__Activity__: An exact copy of every record below is needed, with all pictures removed.

※

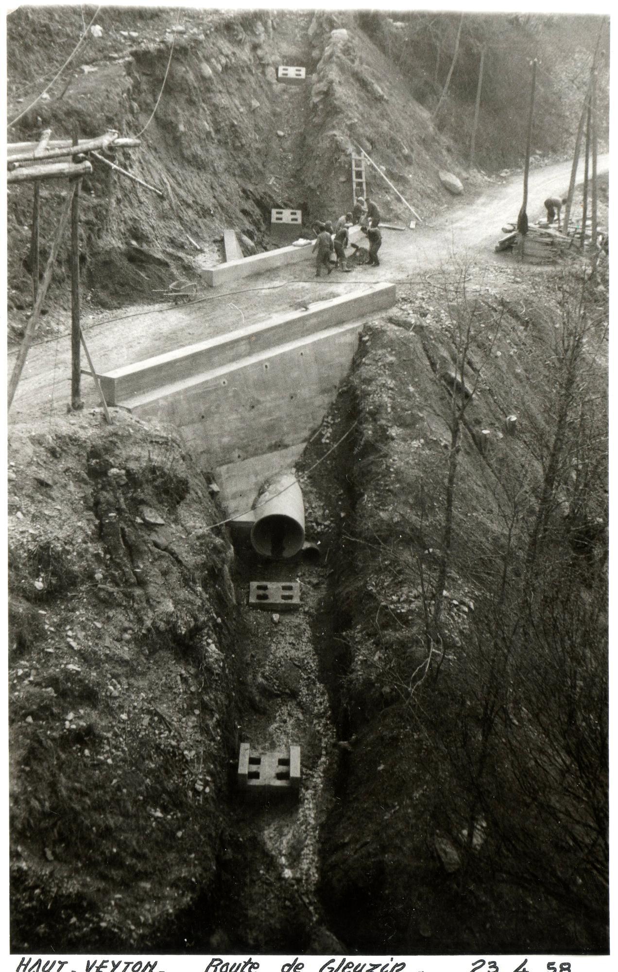 Chantier de Haut-Veyton, installation de la conduite forcée sous la route de Gleysin
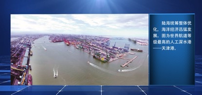 大屏幕展示的是区域协调发展“四大板块”格局、国家级新区建设、海洋经济发展等方面的突出成就。
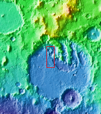 The THEMIS camera contains 5 filters. The data from different filters can be combined in multiple ways to create a false color image. These false color images may reveal subtle variations of the surface not easily identified in a single band image. Today's false color image shows part of Terby Crater.
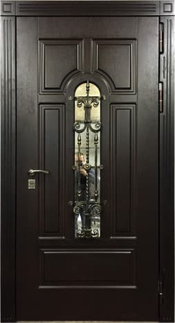 Дверь для коттеджа с ковкой, цвет венге
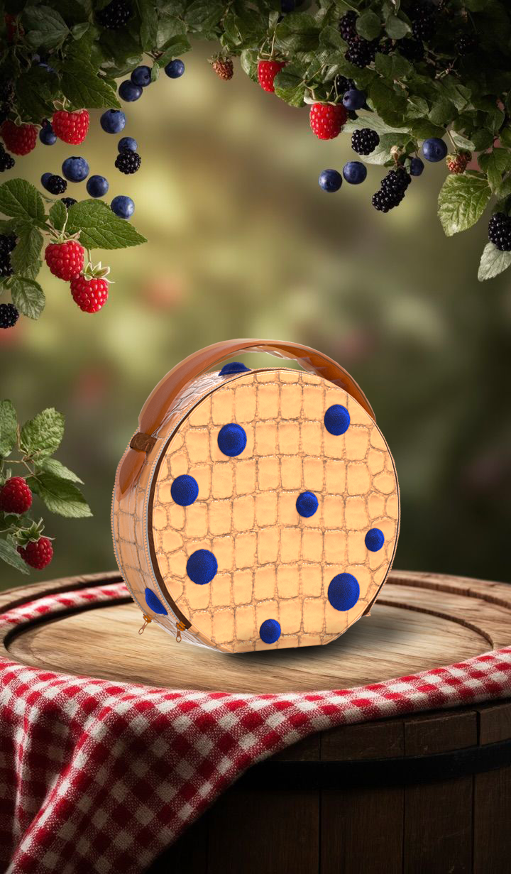 A circle bag inspired by blueberry pancakes (part of my Brunch collection). The bag is made of faux croc leather, and the blueberry feature is made of velvet with stuffing. The handle is made of leather with a PVC casing.
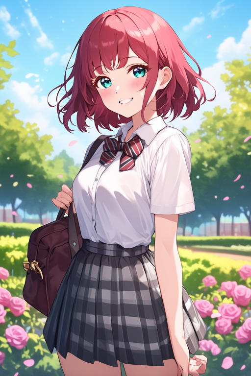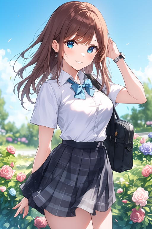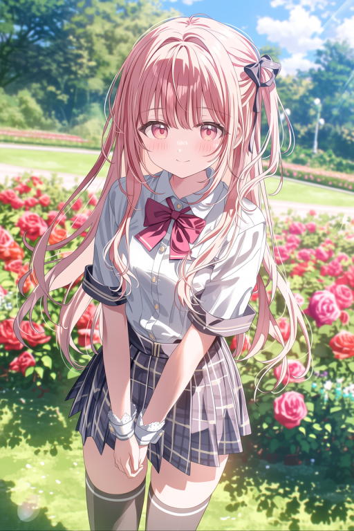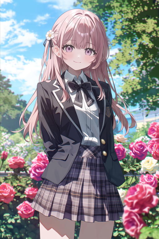Midjourney NIJI 7を使ってみようと思い、NIJI 6と同じプロンプトで比較してみました。二次元アニメ画モデルなので、バラ園をバックにJKを描いてみました。
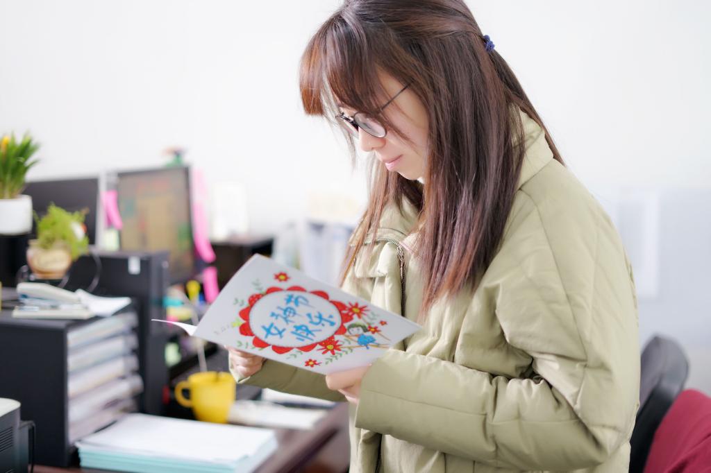 3月7日下午,海洋旅游学院团学会的成员们集聚在海邮驿站,忙碌准备着。大家一起用心写祝福,手绘卡片,短短几个小时就完成了四十几份彩铅、水彩卡片制作。每一张卡片都是量身定制,每一句祝福都饱含师生情谊。节日当天,团学干部们亲手把制作的贺卡送到女教师手中,走心的节日问候深深打动了女教师们。(邬加白)
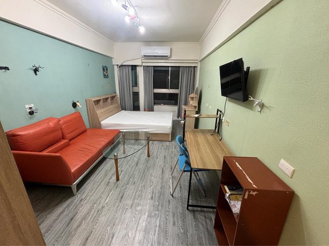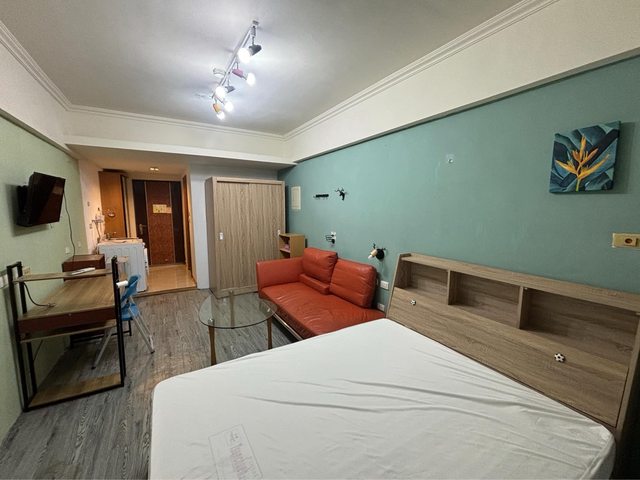 【房間配置】:雙人床(含床墊與保潔墊)、床頭櫃、衣櫃、書桌、椅子、電視(目前無
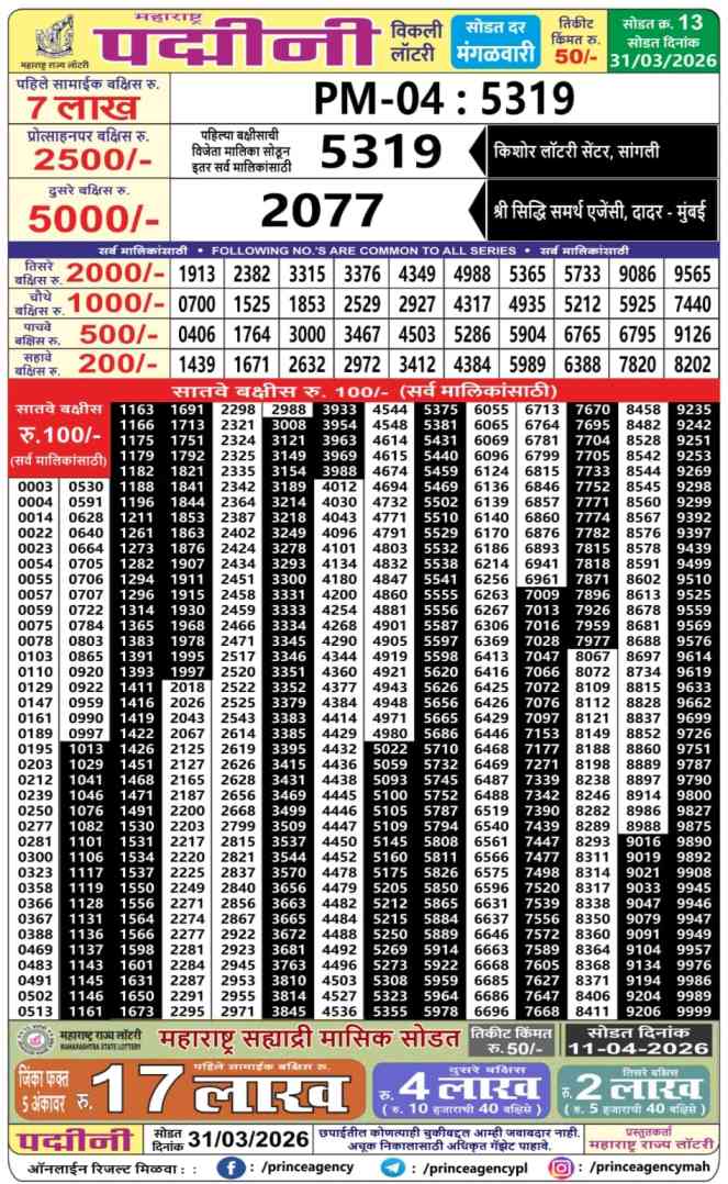 Maharashtra State Lottery declares many bumper results. Maharashtra Padmini 2026 Result is Maharashtra State Lottery at 04:15 PM whose result gets published on the page around 05:00 PM. Maharashtra State Padmini Weekly Lottery Result 31.3.2026 Live Draw Winner List at 4.15 PM, Maharashtra Dear Padmini Lottery 2026, Today Maharashtra Padmini Lottery, Maharashtra State Lottery Padmini Lottery Result Today Live, Maharashtra Padmini Draw 2026, Maharashtra Lottery Padmini Result 2026, Maharashtra Lottery 2026, Maharashtra State Lottery Result 2026, Maharashtra Padmini Lottery 31.3.2026 Result.
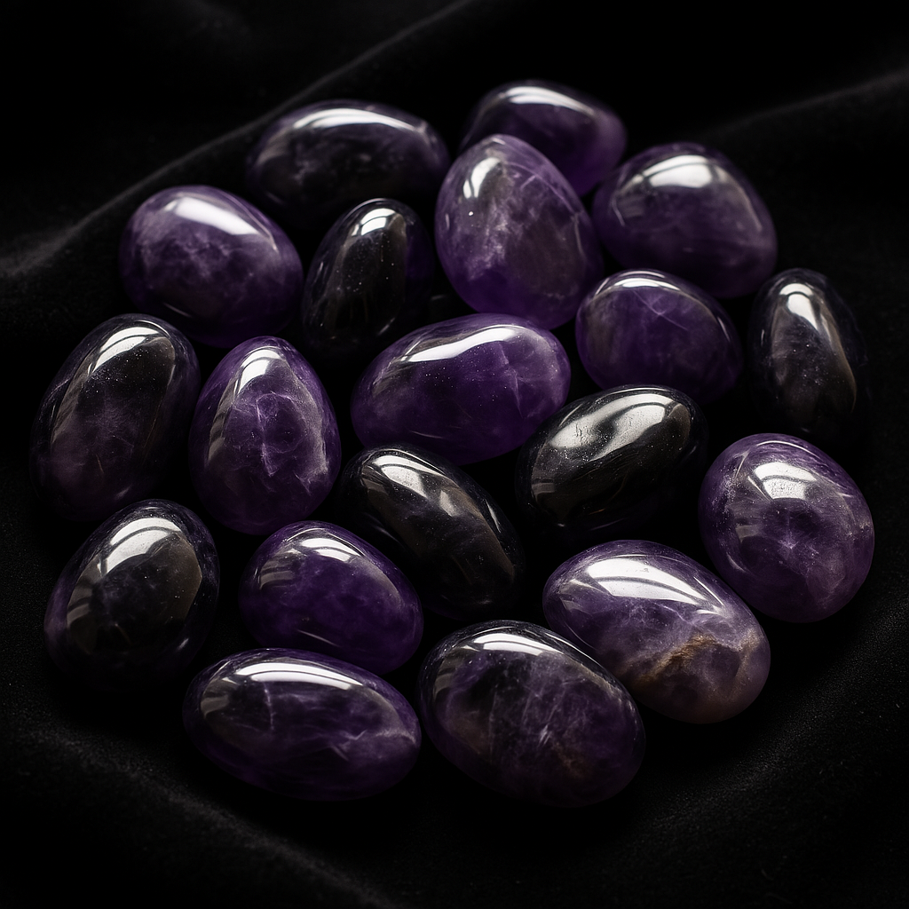 Premium amethyst tumbled stones from Uruguay. With intense color and deep shine, perfect for elevating spiritual energy and protecting the aura.
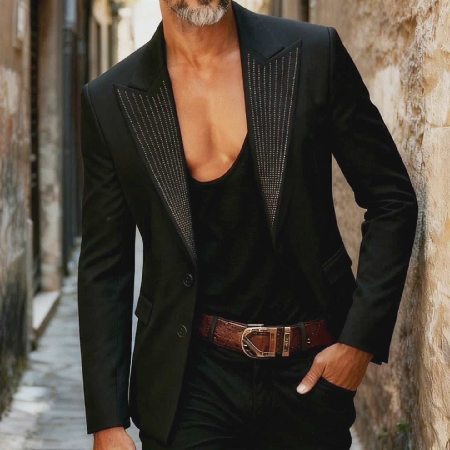 Men's Retro Casual Rhinestone Blazer MTA3061K6TO

※

__Exercise response__:
 Chantier de Haut-Veyton, installation de la conduite forcée sous la route de Gleysin
 大屏幕展示的是区域协调发展“四大板块”格局、国家级新区建设、海洋经济发展等方面的突出成就。
 The THEMIS camera contains 5 filters. The data from different filters can be combined in multiple ways to create a false color image. These false color images may reveal subtle variations of the surface not easily identified in a single band image. Today's false color image shows part of Terby Crater.
 Дверь для коттеджа с ковкой, цвет венге
 A circle bag inspired by blueberry pancakes (part of my Brunch collection). The bag is made of faux croc leather, and the blueberry feature is made of velvet with stuffing. The handle is made of leather with a PVC casing.
Midjourney NIJI 7を使ってみようと思い、NIJI 6と同じプロンプトで比較してみました。二次元アニメ画モデルなので、バラ園をバックにJKを描いてみました。
 3月7日下午,海洋旅游学院团学会的成员们集聚在海邮驿站,忙碌准备着。大家一起用心写祝福,手绘卡片,短短几个小时就完成了四十几份彩铅、水彩卡片制作。每一张卡片都是量身定制,每一句祝福都饱含师生情谊。节日当天,团学干部们亲手把制作的贺卡送到女教师手中,走心的节日问候深深打动了女教师们。(邬加白)
 【房間配置】:雙人床(含床墊與保潔墊)、床頭櫃、衣櫃、書桌、椅子、電視(目前無
 Maharashtra State Lottery declares many bumper results. Maharashtra Padmini 2026 Result is Maharashtra State Lottery at 04:15 PM whose result gets published on the page around 05:00 PM. Maharashtra State Padmini Weekly Lottery Result 31.3.2026 Live Draw Winner List at 4.15 PM, Maharashtra Dear Padmini Lottery 2026, Today Maharashtra Padmini Lottery, Maharashtra State Lottery Padmini Lottery Result Today Live, Maharashtra Padmini Draw 2026, Maharashtra Lottery Padmini Result 2026, Maharashtra Lottery 2026, Maharashtra State Lottery Result 2026, Maharashtra Padmini Lottery 31.3.2026 Result.
 Premium amethyst tumbled stones from Uruguay. With intense color and deep shine, perfect for elevating spiritual energy and protecting the aura.
 Men's Retro Casual Rhinestone Blazer MTA3061K6TO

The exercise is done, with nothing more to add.